INFORMATION PROVIDED ▸

+ + + + +

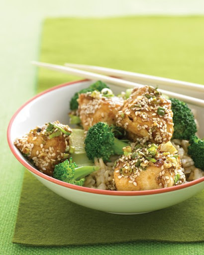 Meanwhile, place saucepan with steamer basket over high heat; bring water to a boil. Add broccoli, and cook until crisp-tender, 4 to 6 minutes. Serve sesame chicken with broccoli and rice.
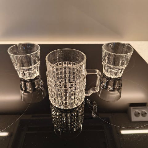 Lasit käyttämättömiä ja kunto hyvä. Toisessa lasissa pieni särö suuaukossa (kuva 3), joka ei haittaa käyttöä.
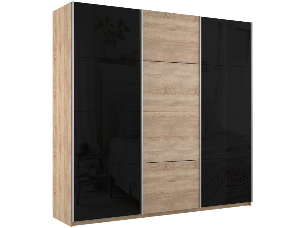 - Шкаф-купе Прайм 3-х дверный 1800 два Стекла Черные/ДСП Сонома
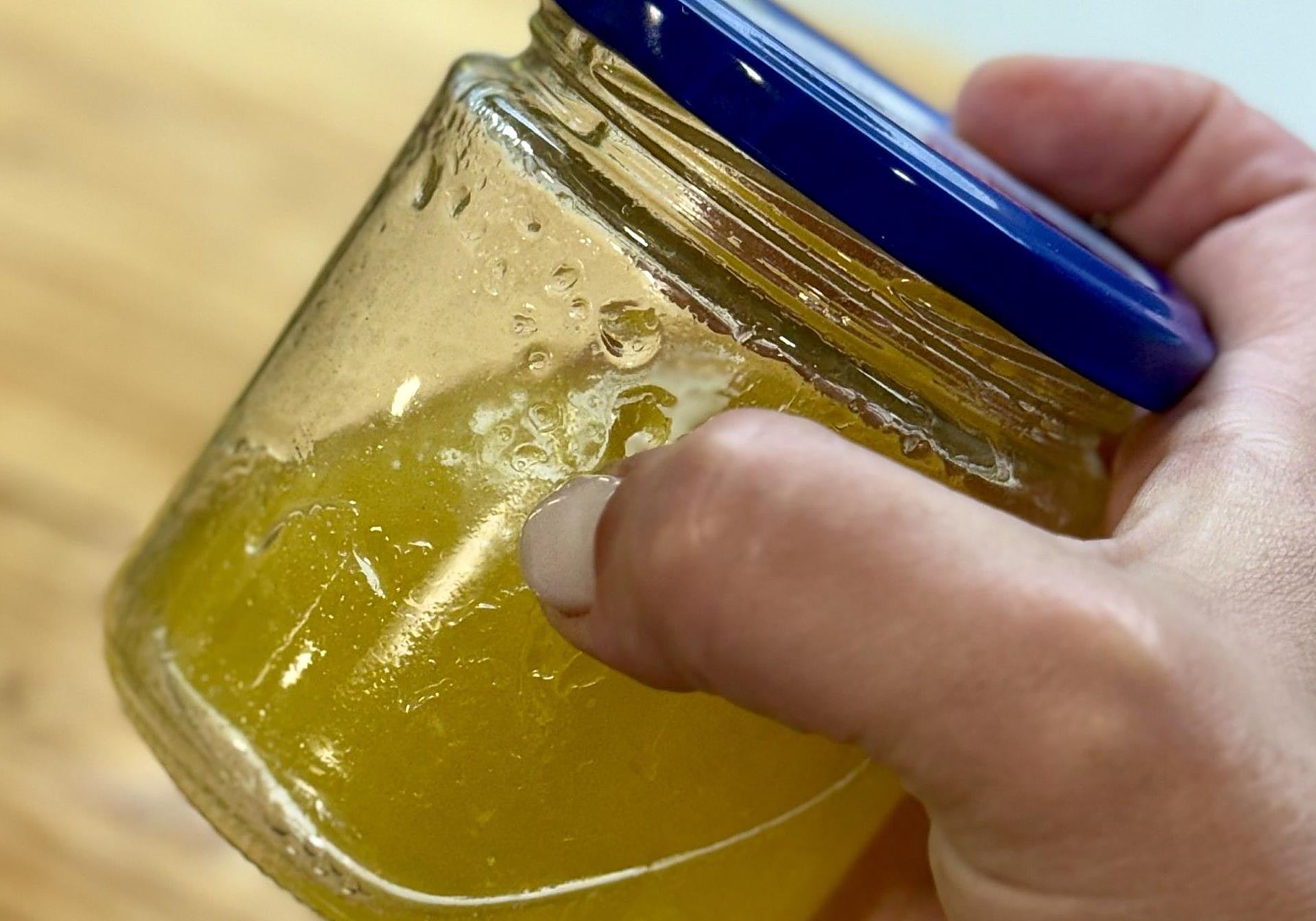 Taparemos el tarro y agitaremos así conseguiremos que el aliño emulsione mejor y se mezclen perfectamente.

+ + + + +

EXERCISE ▸ Once the pictures are set aside, transcribe the remaining lines above exactly.

TASK OUTPUT ▸
 Meanwhile, place saucepan with steamer basket over high heat; bring water to a boil. Add broccoli, and cook until crisp-tender, 4 to 6 minutes. Serve sesame chicken with broccoli and rice.
 Lasit käyttämättömiä ja kunto hyvä. Toisessa lasissa pieni särö suuaukossa (kuva 3), joka ei haittaa käyttöä.
 - Шкаф-купе Прайм 3-х дверный 1800 два Стекла Черные/ДСП Сонома
 Taparemos el tarro y agitaremos así conseguiremos que el aliño emulsione mejor y se mezclen perfectamente.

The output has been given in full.